From the interior of his jacket he brought an object wrapped up in a little piece of coarsely woven cloth and secured with a brown leather thong that had been wrapped around it several times.
“There’s no need for you to know what it is,” he said. “In fact, if you don’t mind, it’s better you don’t. Just take it and keep it safe for us, will you? We’ll be back, I promise you, when Carrion’s forgotten about us, and we can chance the return trip.”
“Carrion?”
“Christopher Carrion,” John Serpent said, his voice laden with anxiety. “The Lord of Midnight.”
“Will you take it for us?” said John Mischief, proffering the little parcel.
“I think if I’m going to carry something,” Candy said, “I should at least know what it is. Especially if it’s important.”
“What did I tell you?” Serpent said. “I knew she wouldn’t be content with that ‘It’s better if you don’t know’ line. She’s entirely too inquisitive, this one.”
“Well, if I’m going to be a messenger girl,” Candy said, addressing John Serpent, “I think I have a right—”
“Of course you do,” Mischief said. “Open it up. Go on. It’s all yours.”
Curiously enough the little parcel seemed to have almost no weight, except for that of the wrapping and the cord. Candy pulled at the large knot, which although it looked hard to undo seemed to solve itself the moment she began to pick at it. She felt something move in the parcel. The next moment there was a rush of light out of the bag, which momentarily filled her gaze. She saw several points of brightness appear before her, joined by darting lines of luminescence. They hovered for a moment, then the lights sank away into her unconscious and were gone.
The whole spectacle—which couldn’t have taken more than three seconds—left her speechless.
“You have the Key now,” John Mischief told her gravely. “I beg you to tell nobody you have it. Do you understand? Nobody.”
“Whatever you say,” she replied, looking at the empty bag, mystified. Then, after a moment: “I don’t suppose you’re going to tell me what door this key opens?”
“Truly, lady; better not.”
He kissed her hand, bowing as he did so, and began to retreat from her. “Good-bye, lady,” he said. “We have to go.”

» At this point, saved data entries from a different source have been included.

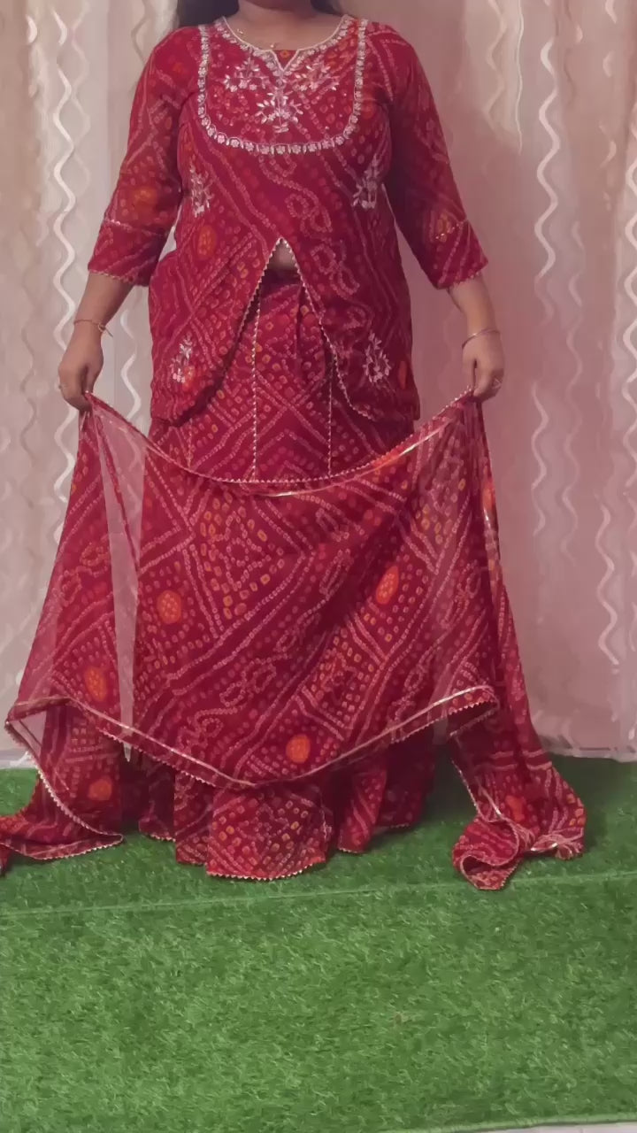 Heavy Hand work Bandhej 3 piece Set With Gota & Zardosi Add on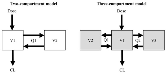 Two- and three-compartment population PK models of vancomycin were used for the simulation of the virtual concentration–time profiles [12,13]. The structural PK parameters for the two-compartment model were total clearance (CL), central volume of distribution (V1), peripheral volume of distribution (V2), and intercompartmental clearance between V1 and V2 (Q1). The structural PK parameters for the three-compartment model were CL, V1, volume of distribution for the first peripheral compartment (V2), Q1, volume of distribution for the second peripheral compartment (V3), and intercompartmental clearance between V1 and V3 (Q2) (Figure 1).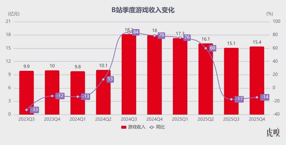 不过,2025年B站游戏收入却呈逐渐下滑的态势:从一季度的17.31亿元,降至二季度的16.1亿元、三季度的15.1亿元,第四季度微增至15.4亿元,增长动能明显减弱。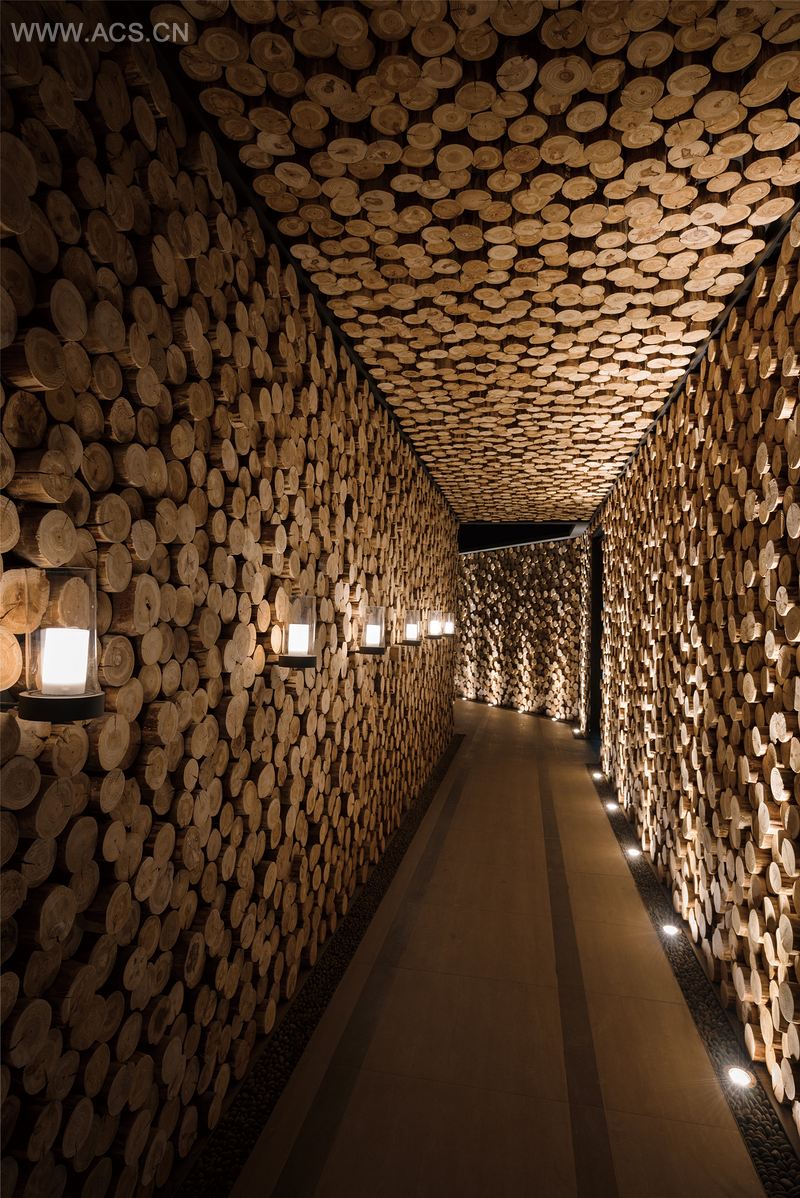 空间的挑高也是此案一大优势,跟着仰角视线往上,两侧墙面以老木排列堆栈,诠释老旧但温暖的时间感,木头的肌理在灯光微波下别有一番刀劈斧凿的粗犷。二楼衔接两侧用餐区的回廊以大量原木剖面贴覆,造型面的高低差,彰显木头天生的纯朴与香气,地面的线条与墙面的壁灯,适度在奇幻的时空里完成动线引导。精神面的丰饶加上多种风情元素群聚的气势,让「天水玥」与众不同的情境氛围,恒久沉浸在由古老东方美学浓缩后的结晶状态。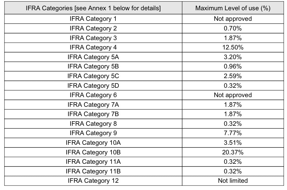 - Follow IFRA usage guidelines below for safe percentages in body and home products.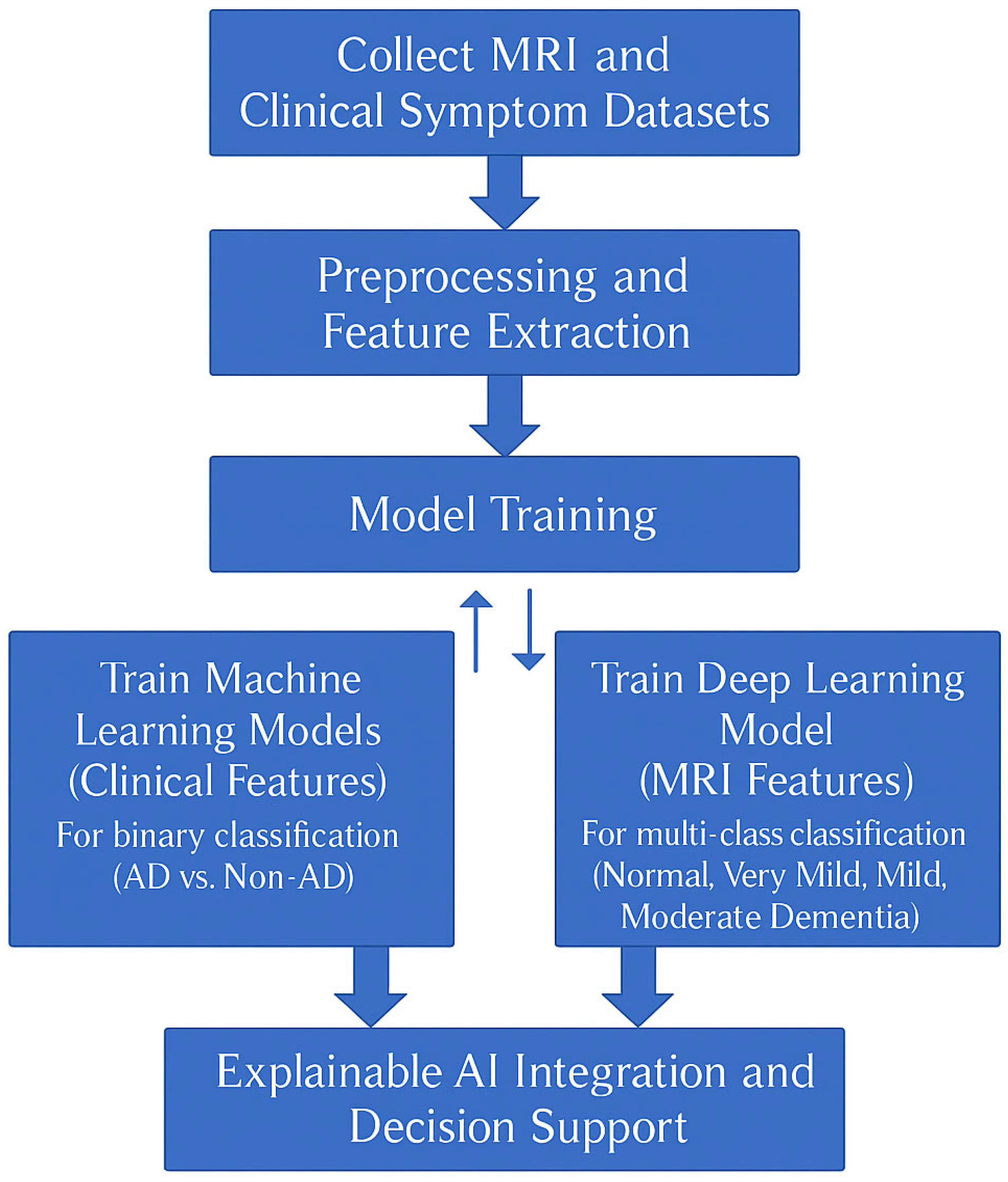 43]. Implementing an explainable AI method, the authors recently created an integrated model that combines MRI-based feature extraction with cognitive screening data, maintaining a high degree of accuracy and interpretability. This addition highlights the continued importance of multimodal methods in Alzheimer’s diagnosis. A more comprehensive and in-depth understanding of the disease’s history and dynamics may result from combining neuroimaging biomarkers with clinical and cognitive data. Better models for diagnosis will be established with the aid of this kind of dual-modal system, which will also make the model more transparent and reliable in clinical settings. In keeping with these advancements, our study emphasizes the ongoing and complementary significance of MRI-derived feature and symptom data and demonstrates how merging both data inputs could enhance model robustness and clinical relevance in more practical clinical decision-making scenarios. While we stress that improving model reliability, generalizability, and interpretation in clinical research is the foundation of diagnostic studies, future research will focus on ways to further optimize multimodal data, then expand its use, and establish ways to integrate modes [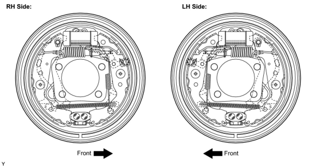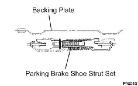 (e) Install the parking brake shoe strut set as shown in the illustration.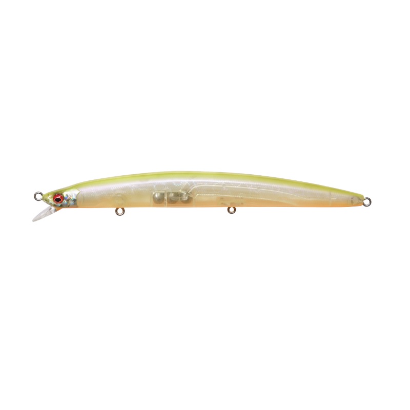 最大の特徴はスリムでロングレングスのストレートシェイプ。全長16インチ(約40cm)という他に類を見ないサイズ設定は繊細さとアピール力を具現化したもの。ハイプレッシャーな状況において、このルアーパワーは大きなアドバンテージになります。
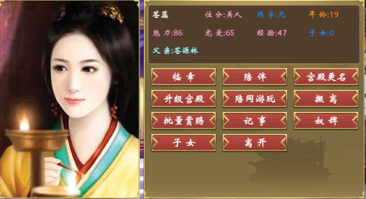 苍蕊,本姓已失,受恩封以苍为姓,是太子母妃为其挑选的教导宫女。在太子满了15岁后便放在身边,负责日常贴身服侍。苍蕊容貌姣好,性子娴淡,常不发一言,只做好手边之事。由于宫女出身,性又不爱生事,常常存在感不高。太子点灯夜读之时便会在一旁做针线刺绣,亦能陪太子秉烛手谈。灯下看美人,苍蕊那虽美却没有记忆性的面庞,在灯光辉映下便会显得格外温婉。
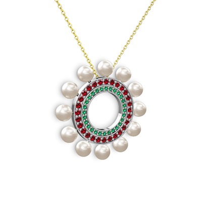 Inci, yeşil kuvars ve garnet 925 ayar gümüş kolye (40 cm altın rolo zincir)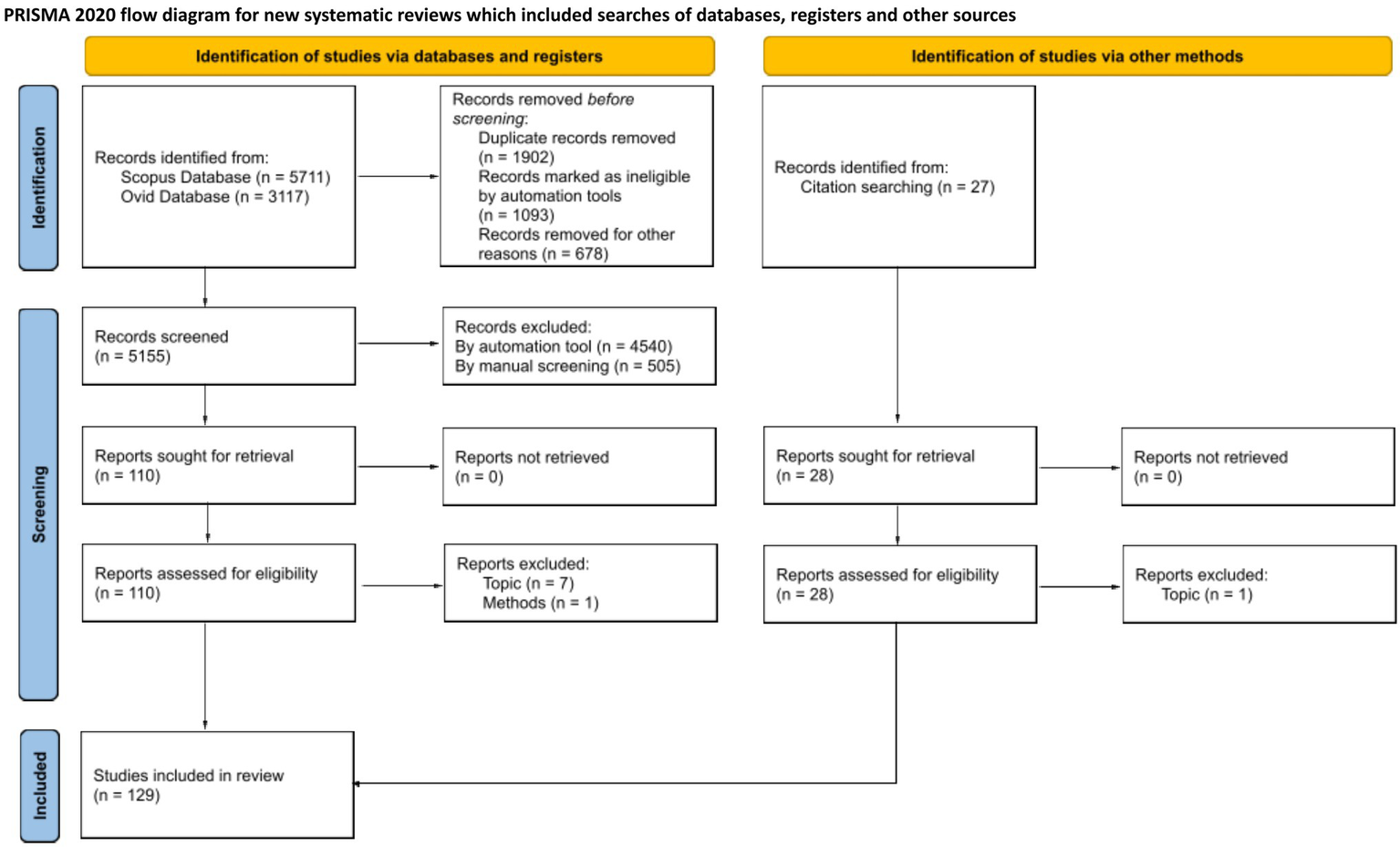Selection bias could possibly happen based on automation tool selection; however, we attempted to overcome this by carefully selecting relevant references during full-text reading. An additional N = 28 papers were manually included at this stage. Nine papers were excluded after full-text reading as considered out of topic. The final sample was N = 129 papers. The literature selection process is illustrated in the PRISMA flow diagram (Figure 1).

Candy had been facing the tower throughout this conversation. Only now, as Mischief retreated from her, did she realize what a change had come over the world in the brief time in which she’d been unconscious.
A ramshackle jetty had appeared out of the ground, and at its far end large waves were breaking, their weight sufficient to make the structure creak and shake down its entire length. Beyond the breaking waves the Sea of Izabella stretched off toward a misty blue horizon. Minnesota—at least as Candy had known it—had apparently disappeared, overwhelmed by this great expanse of invading water.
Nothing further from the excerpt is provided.